Welcome to WebmasterWorld Guest from 188.8.131.52
Forum Moderators: goodroi
1. Why ban Googlebot-Image? Is it just to save time because this is a text-based site?
2. Why ban User-agent: Mozilla/4.0 (compatible; MSIE 4.0; Windows NT) and other such browser identification strings? They aren't spidering, are they?
3. I can see why you disallow Forum 9 (Foo). But why Forums 19 (Community Center) and 29 (Commercial exchange)?
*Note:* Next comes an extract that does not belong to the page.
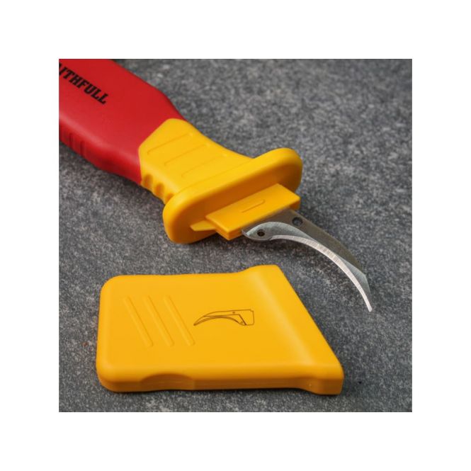 Faithfull VDE Stripping Knife is a specialised tool designed for precision and safety in electrical work. This knife is perfect for stripping insulation from cables and wires, ensuring clean and accurate cuts every time. The curved shape of the sickle blade helps give a clean and controlled cut around the insulation without damaging the wires on the inside.

4. Are all the bots listed well-behaved or do you also have to ban some of them via rewrites?
2- some bots do support robots.txt and do use standard agents. It catches a few.
3- off topic referrals and local related discussions.
4- I spend an hour to two hours a day tracking down bad bots and banning them, their ip, or there entire isp. It isn't bad when you have a few dozen or few hundred pages; but, when you get into 70-80k pages, bots can tear a system up in no time flat without sufficient tracking and response systems. It is a very serious problem that threatens the entire system on a daily basis. We are having a discussion about moving to a subscription based system and stopping rogue bots would be my #1 reason for doing so.
Community Center has quite a few on-topic threads. Maybe they've started in the wrong place and a moderator will move them to a more relevant forum.
Is subscription-only the best way to stop bots? (I'll be brief here as it is obviously being discussed at length elsewhere). A simple mechanism to trip them up at the doorway might be a sign-on screen which has human-readable instructions how to sign on as a guest -- such as typing in a displayed random string.
I was looking for a complete bot ban list (not that I have the problems you do -- I'm not that successful, and what you have should make you happy -- it's a problem of success) so I'm pleased to see that the comments in your robots.txt let other people use it freely.